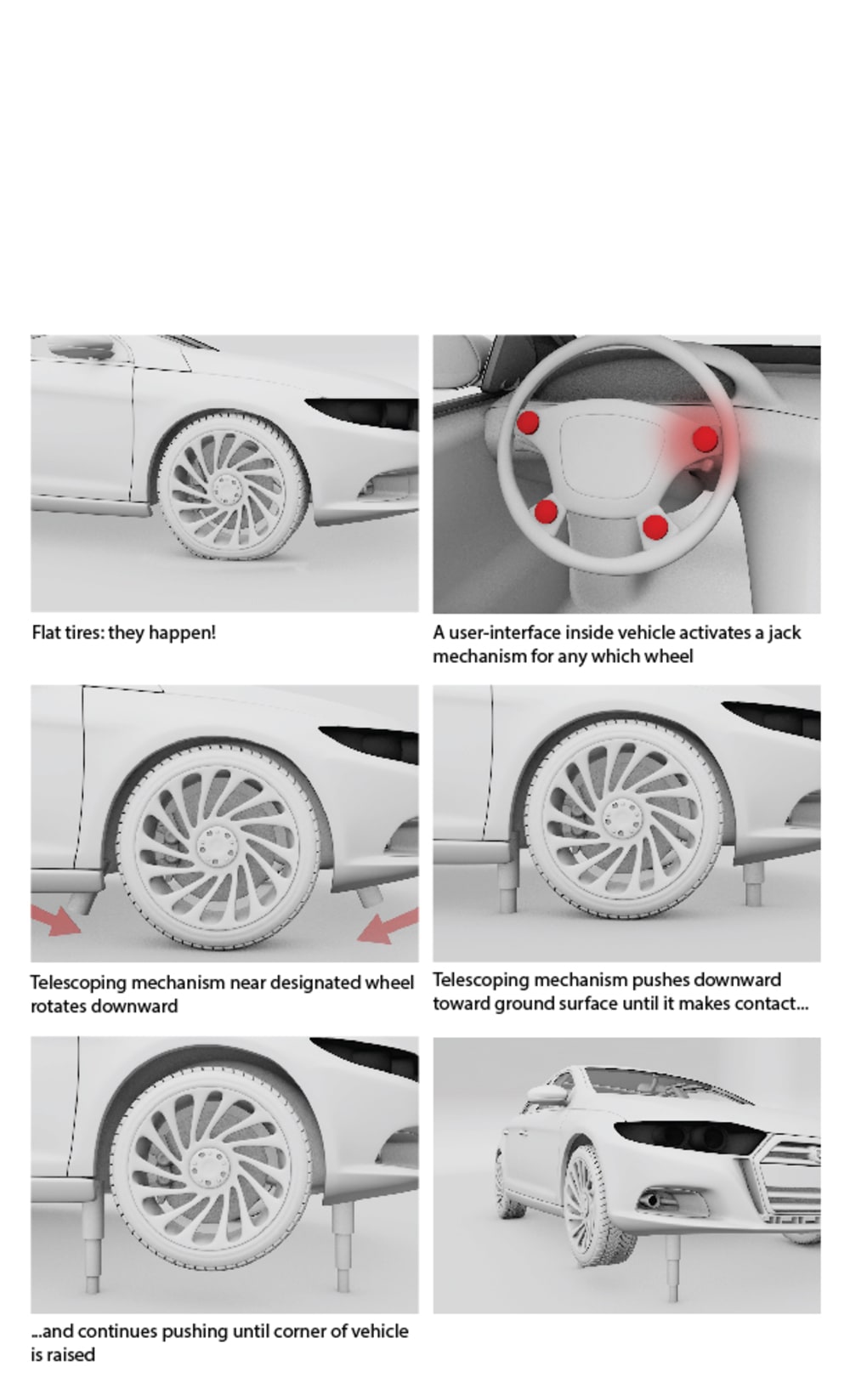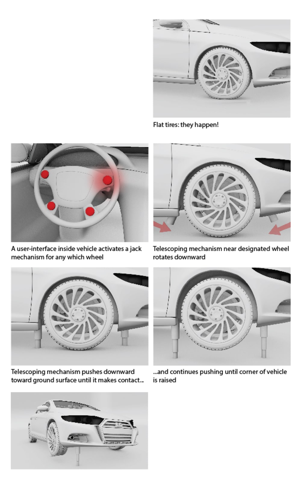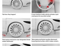 When flat tires happen a user interface inside the vehicle activates a jack for any of the four wheel selected. A telescoping mechanism near designated wheel rotates downward.
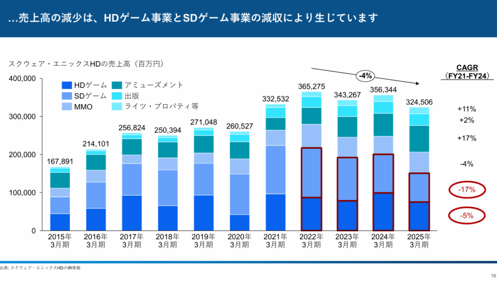 のグラフは事業別売上推移を積み上げ棒で示し、どの事業が伸びどの事業が落ちているかを可視化していますね。スクエニの売上減少がHDゲーム・SDゲーム事業の縮小によって生じている一方で、MMOは高成長を続けており事業見直しが不可欠であることを示してるっすね!
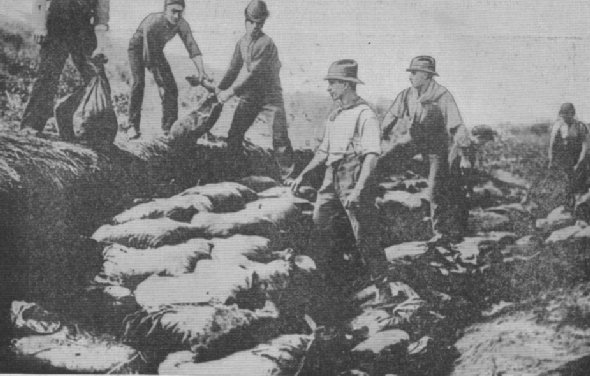Residents of threatened districts worked day and night building dikes with sand bags to keep out the water.
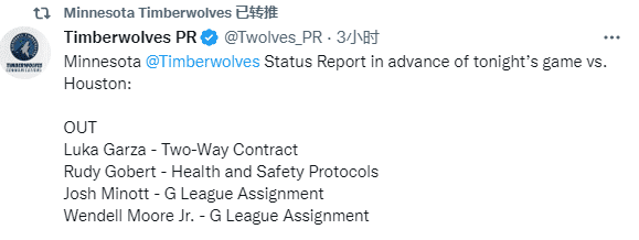 森林狼官方宣布球队中锋戈贝尔触发健康与安全协议,将缺席今日与火箭的比赛;另外卢卡-加尔扎、米诺特和小温德尔-摩尔也缺席比赛;戈贝尔又感染新冠吗?目前他已经触发防疫协议被隔离,值得一提的是,戈贝尔曾是NBA第一位确诊新冠的球员,并且导致联盟停摆。
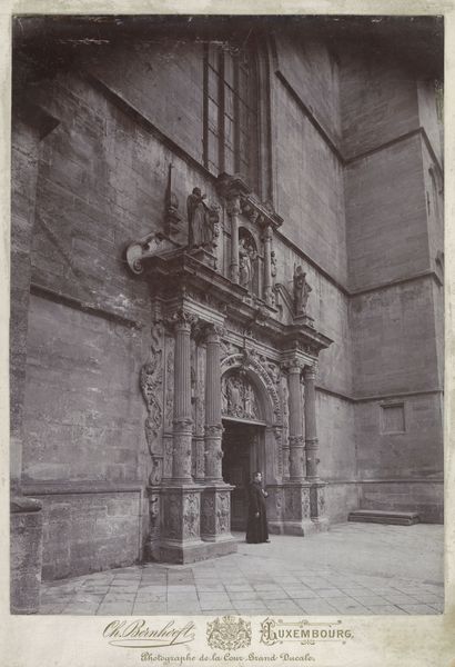 The Bisson Frères created this photograph of the Bibliothèque Imperial du Louvre in Paris around 1852-1863. The dominant structure of the image is immediately striking, framed by ornate columns and detailed stonework, all rendered in sepia tones. This emphasis on architectural form invites us to consider how the photograph engages with the historical context of its creation. Photography at this time was deeply intertwined with documentation, and here, the Bisson Frères capture the Louvre not merely as a building but as a symbol of imperial knowledge and power. The symmetrical composition and the meticulous detail with which the façade is rendered suggest an attempt to impose order and clarity onto the world. Consider how the interplay of light and shadow emphasizes the texture of the stone. This reflects a broader artistic concern with materiality and representation, hinting at the complex ways in which photography could both reveal and construct meaning. The photograph challenges fixed notions of representation, inviting ongoing interpretation of its cultural and philosophical resonance.
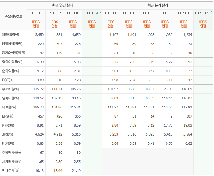 영업이익, 당기순이익등 모두 흑자상태로 재무 상태가 아주 괜찮은 기업입니다.
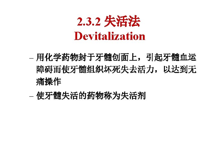 2. 3 Pain control • Local anesthesia • Divitalization 失活法
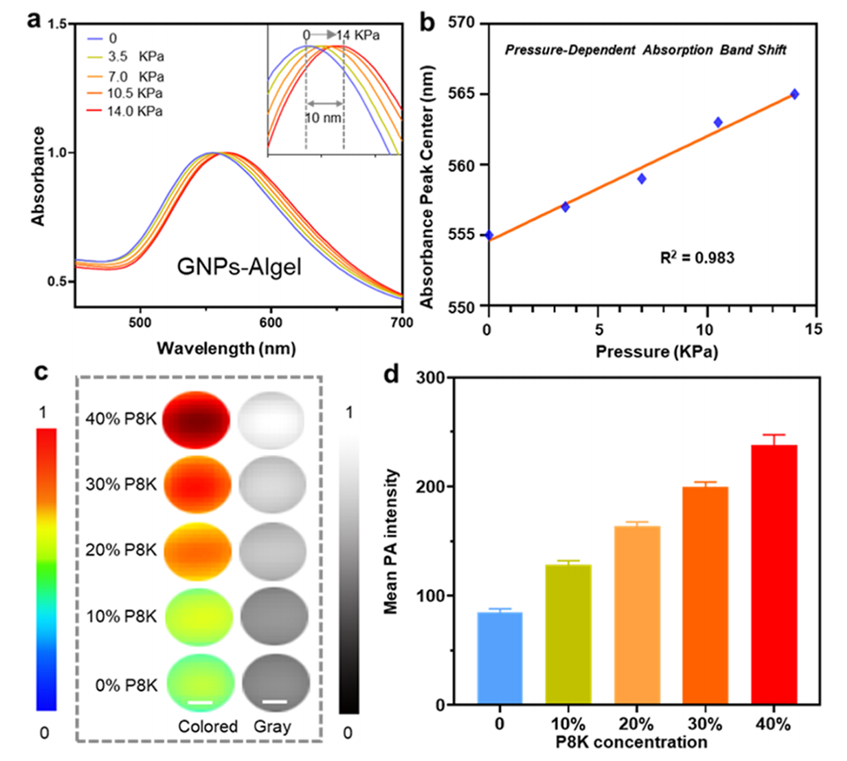 图3. GNPs-Algel在溶液水平的压力传感。(a) GNPs-Algel在不同压力下的吸收光谱。(b) GNPs-Algel的吸光度峰值质心与压力的相关性。(c)彩色和灰度光声信号。(d)计算得到的GNPs-Algel在不同浓度P8K溶液中的平均光声强度。比例尺:0.1mm。
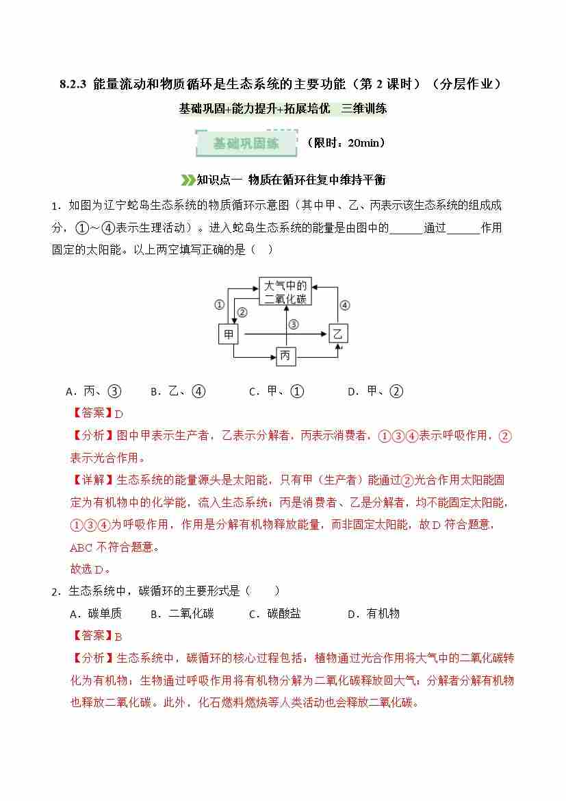 8.2.3 能量流动和物质循环是生态系统的主要功能 第2课时(分层作业)(解析版)
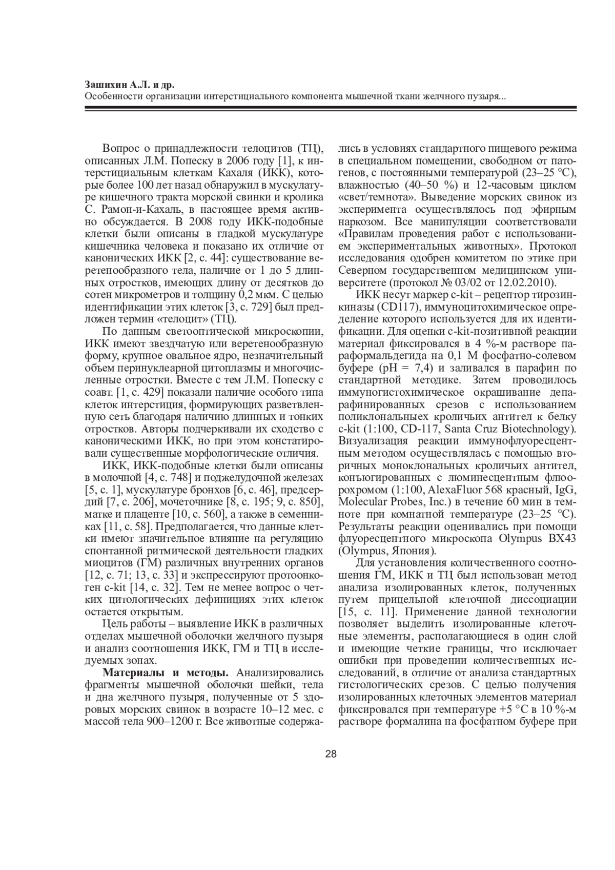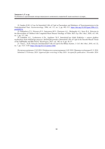 20. Зашихин А.Л., Любезнова А.Ю., Агафонов Ю.В. Интерстициальные клетки Кахаля в составе гладкой мышечной ткани желчного пузыря и желчных протоков // Морфология. 2015. Т. 148, No 4. С. 24-27. EDN: UDDTSV

#####

YOUR INSTRUCTIONS:
Could the entries above be copied out exactly, with no pictures included?

SOLUTION TO THIS EXERCISE:
 When flat tires happen a user interface inside the vehicle activates a jack for any of the four wheel selected. A telescoping mechanism near designated wheel rotates downward.
 のグラフは事業別売上推移を積み上げ棒で示し、どの事業が伸びどの事業が落ちているかを可視化していますね。スクエニの売上減少がHDゲーム・SDゲーム事業の縮小によって生じている一方で、MMOは高成長を続けており事業見直しが不可欠であることを示してるっすね!
Residents of threatened districts worked day and night building dikes with sand bags to keep out the water.
 森林狼官方宣布球队中锋戈贝尔触发健康与安全协议,将缺席今日与火箭的比赛;另外卢卡-加尔扎、米诺特和小温德尔-摩尔也缺席比赛;戈贝尔又感染新冠吗?目前他已经触发防疫协议被隔离,值得一提的是,戈贝尔曾是NBA第一位确诊新冠的球员,并且导致联盟停摆。
 The Bisson Frères created this photograph of the Bibliothèque Imperial du Louvre in Paris around 1852-1863. The dominant structure of the image is immediately striking, framed by ornate columns and detailed stonework, all rendered in sepia tones. This emphasis on architectural form invites us to consider how the photograph engages with the historical context of its creation. Photography at this time was deeply intertwined with documentation, and here, the Bisson Frères capture the Louvre not merely as a building but as a symbol of imperial knowledge and power. The symmetrical composition and the meticulous detail with which the façade is rendered suggest an attempt to impose order and clarity onto the world. Consider how the interplay of light and shadow emphasizes the texture of the stone. This reflects a broader artistic concern with materiality and representation, hinting at the complex ways in which photography could both reveal and construct meaning. The photograph challenges fixed notions of representation, inviting ongoing interpretation of its cultural and philosophical resonance.
 영업이익, 당기순이익등 모두 흑자상태로 재무 상태가 아주 괜찮은 기업입니다.
 2. 3 Pain control • Local anesthesia • Divitalization 失活法
 图3. GNPs-Algel在溶液水平的压力传感。(a) GNPs-Algel在不同压力下的吸收光谱。(b) GNPs-Algel的吸光度峰值质心与压力的相关性。(c)彩色和灰度光声信号。(d)计算得到的GNPs-Algel在不同浓度P8K溶液中的平均光声强度。比例尺:0.1mm。
 8.2.3 能量流动和物质循环是生态系统的主要功能 第2课时(分层作业)(解析版)
 20. Зашихин А.Л., Любезнова А.Ю., Агафонов Ю.В. Интерстициальные клетки Кахаля в составе гладкой мышечной ткани желчного пузыря и желчных протоков // Морфология. 2015. Т. 148, No 4. С. 24-27. EDN: UDDTSV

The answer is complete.